Before you write out the listing, remove the pictures; everything else stays exactly as it is.

Data below:

• • • • • • •

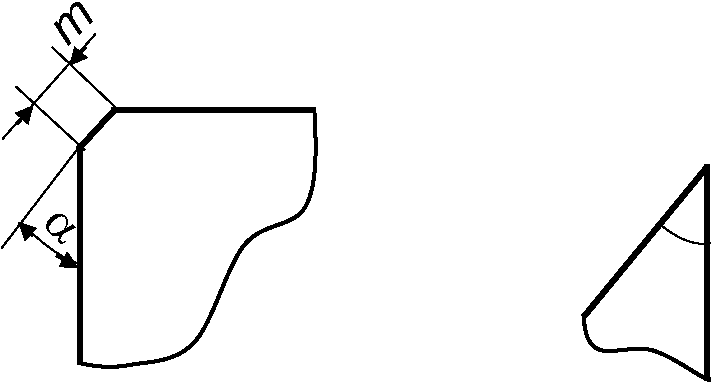 6.2.4 При отсутствии требований к углу наклона фаски на чертеже указывают только ширину фаски. В этом случае фаски снимают перпендикулярно к биссектрисе трехгранного угла между гранями.
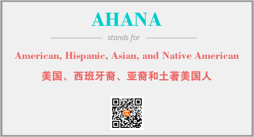 上述内容是“American, Hispanic, Asian, and Native American”作为“AHANA”的缩写,解释为“美国、西班牙裔、亚裔和土著美国人”时的信息,以及英文缩略词AHANA所代表的英文单词,其对应的中文拼音、详细解释以及在英文中的流行度和相关分类、应用领域及应用示例等。
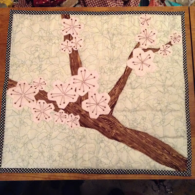 As I am sure you can imagine, this was not the quickest mini I have ever done LOL! Then I added another layer of wool batting, machine appliqued my branches on, hand appliqued three different sizes of cherry blossoms and hand embroidered the stamens.

• • • • • • •

Result of this exercise:
 6.2.4 При отсутствии требований к углу наклона фаски на чертеже указывают только ширину фаски. В этом случае фаски снимают перпендикулярно к биссектрисе трехгранного угла между гранями.
 上述内容是“American, Hispanic, Asian, and Native American”作为“AHANA”的缩写,解释为“美国、西班牙裔、亚裔和土著美国人”时的信息,以及英文缩略词AHANA所代表的英文单词,其对应的中文拼音、详细解释以及在英文中的流行度和相关分类、应用领域及应用示例等。
 As I am sure you can imagine, this was not the quickest mini I have ever done LOL! Then I added another layer of wool batting, machine appliqued my branches on, hand appliqued three different sizes of cherry blossoms and hand embroidered the stamens.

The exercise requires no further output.